Given data
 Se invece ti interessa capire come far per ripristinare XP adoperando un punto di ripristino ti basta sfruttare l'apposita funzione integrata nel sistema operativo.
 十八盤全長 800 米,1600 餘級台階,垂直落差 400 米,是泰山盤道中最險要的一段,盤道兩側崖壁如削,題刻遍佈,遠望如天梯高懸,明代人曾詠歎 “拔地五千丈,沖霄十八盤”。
* * *
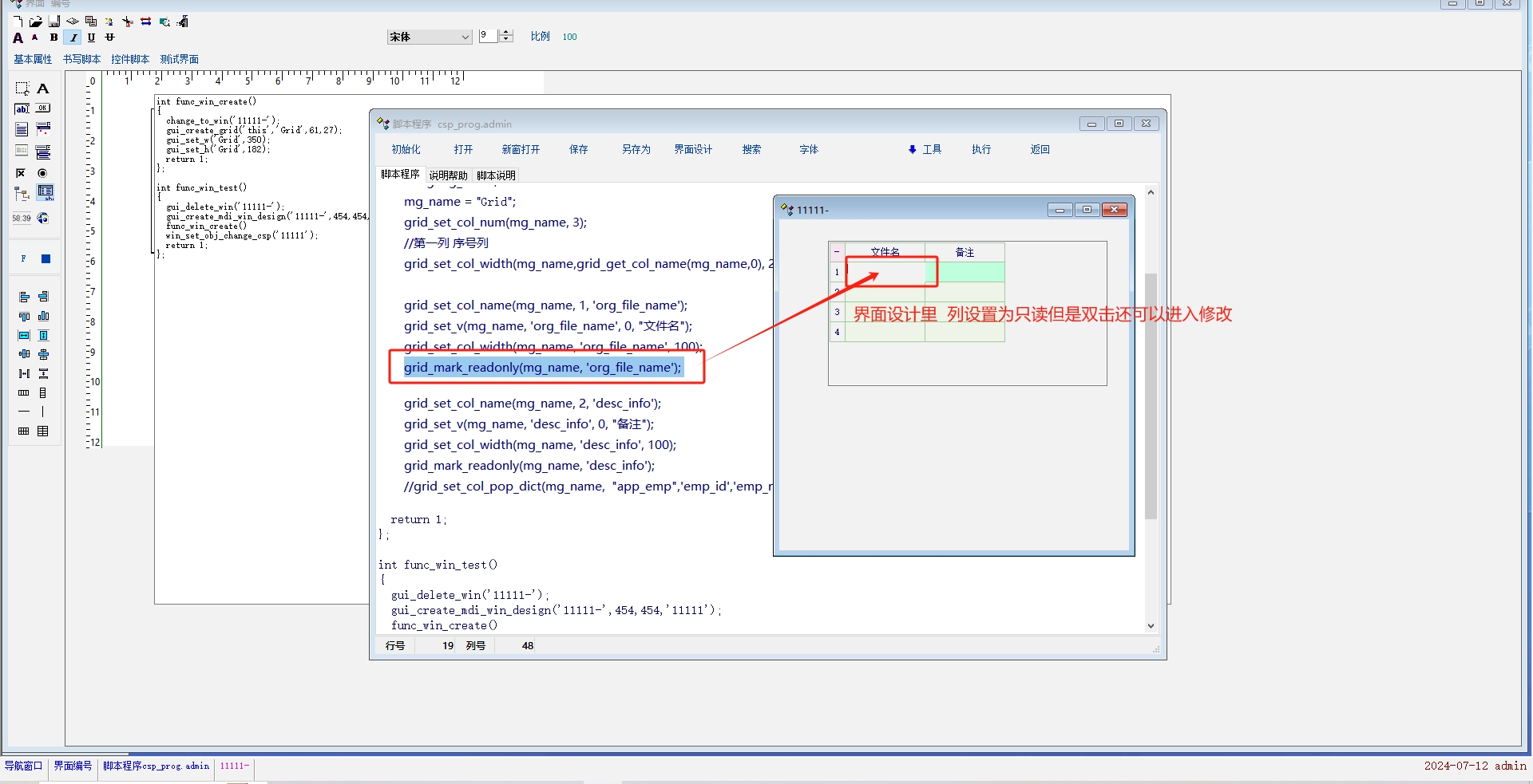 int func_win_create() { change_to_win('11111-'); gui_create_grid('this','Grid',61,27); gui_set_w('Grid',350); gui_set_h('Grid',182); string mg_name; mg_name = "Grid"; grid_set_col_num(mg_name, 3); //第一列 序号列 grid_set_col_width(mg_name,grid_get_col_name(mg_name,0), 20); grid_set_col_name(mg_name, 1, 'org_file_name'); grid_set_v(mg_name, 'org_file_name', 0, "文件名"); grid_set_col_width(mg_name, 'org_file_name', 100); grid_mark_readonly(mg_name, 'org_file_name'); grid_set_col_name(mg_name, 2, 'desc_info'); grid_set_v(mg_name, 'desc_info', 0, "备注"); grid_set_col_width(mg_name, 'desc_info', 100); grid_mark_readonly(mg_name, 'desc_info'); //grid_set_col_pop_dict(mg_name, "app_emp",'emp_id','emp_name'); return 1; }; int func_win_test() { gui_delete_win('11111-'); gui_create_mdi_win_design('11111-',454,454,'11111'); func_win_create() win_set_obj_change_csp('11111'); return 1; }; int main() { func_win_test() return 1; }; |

Exercise requirements
Look above for the line holding "Se invece ti" and the line holding "十八盤全長 800 米,1600", then output exactly those two lines and every line between them, nothing more.

Written answer
 Se invece ti interessa capire come far per ripristinare XP adoperando un punto di ripristino ti basta sfruttare l'apposita funzione integrata nel sistema operativo.
 十八盤全長 800 米,1600 餘級台階,垂直落差 400 米,是泰山盤道中最險要的一段,盤道兩側崖壁如削,題刻遍佈,遠望如天梯高懸,明代人曾詠歎 “拔地五千丈,沖霄十八盤”。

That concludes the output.